In vitro pharmacodynamics of nemonoxacin and other antimicrobial agents against Mycoplasma pneumoniae

Mycoplasma pneumoniae is the causative agent of respiratory infections in children and adults. Macrolide still plays a significant role in treating infections by M. pneumoniae. However, macrolide-resistant M. pneumoniae (MRMP) was encountered, causing more severe or prolonged disease worldwide from the early 2000s. Nemonoxacin is a newly developed C-8-methoxy non-fluorinated quinolone having broad-spectrum activity against gram-positive, gram-negative, and atypical pathogens in vitro, as well as general safety and well tolerance in vivo. This study aimed to assess the killing kinetics of nemonoxacin and other antimicrobial agents against MRMP and macrolide susceptible M. pneumoniae (MSMP) by static time-kill curves. In addition, the pharmacodynamic analyses of these drugs were determined by the sigmoid E-max model.

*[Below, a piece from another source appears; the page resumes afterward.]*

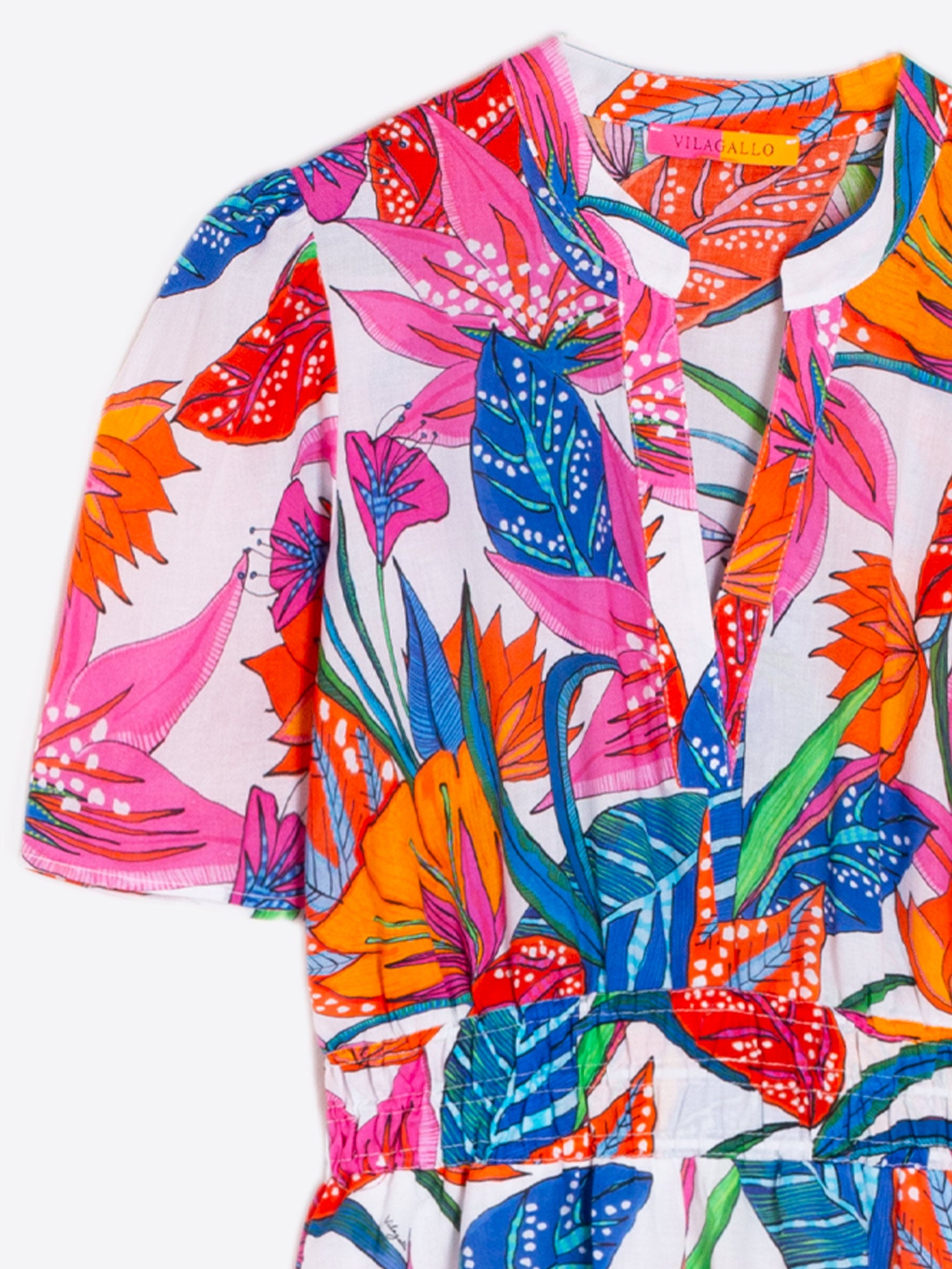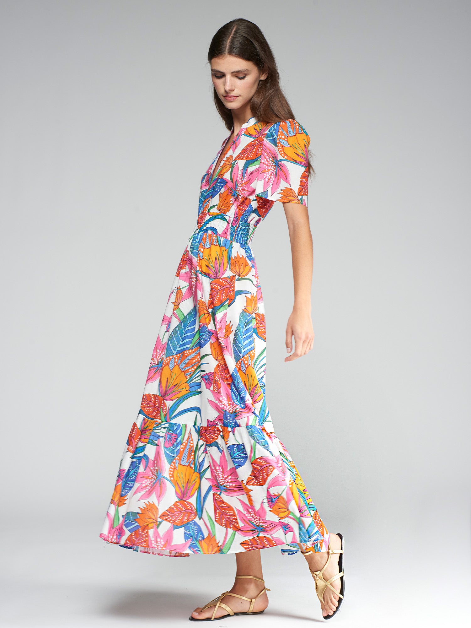 Fancy a trip to club tropicana? With this dress you can enjoy the fun and sunshine thanks to its beautiful lightweight material and summer suitable design. With a stand-out tropical print with florals all over, this V-neck dress can be worn now with a leather jacket and boots, and later with some tan sandals.
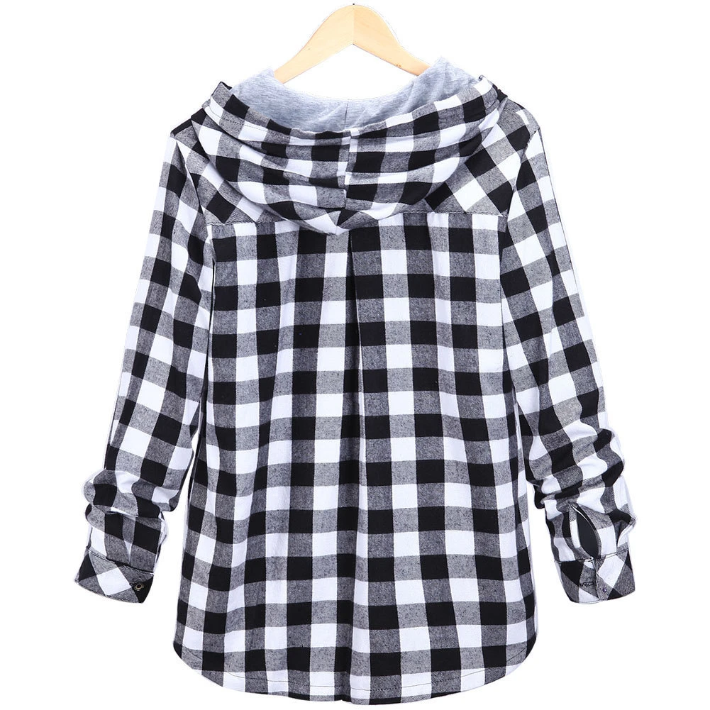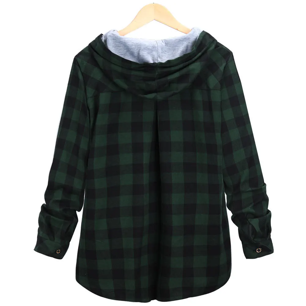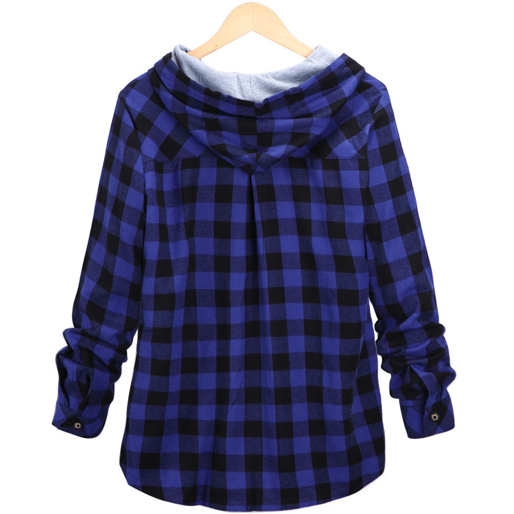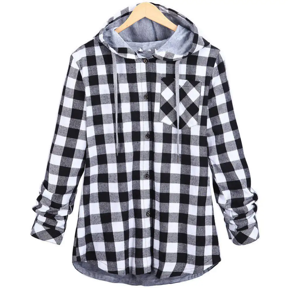 Женская клетчатая рубашка, Повседневная красная клетчатая рубашка с капюшоном и длинным рукавом, английская рубашка, топы для мужчин, Harajuku, черная клетчатая блузка, парная рубашка

The static time-kill curves indicated that nemonoxacin had good mycoplasmacidal activity against both MSMP and MRMP strains. The pharmacodynamic analysis demonstrated that the mycoplasmacidal effect of nemonoxacin was greater than those of moxifloxacin and levofloxacin based on the K-max, displaying a dualism of concentration dependency in low minimum inhibitory concentrations (MICs) and time dependency in high MICs. Therefore, nemonoxacin demonstrated efficacy against M. pneumoniae in vitro and is a potential candidate for clinical studies for assessing its therapeutic effects against M. pneumoniae infections. The killing pattern or PK/PD characteristics of nemonoxacin against M. pneumoniae from in vitro data, animal studies, or clinical studies merit further evaluation for treating infections caused by the organism.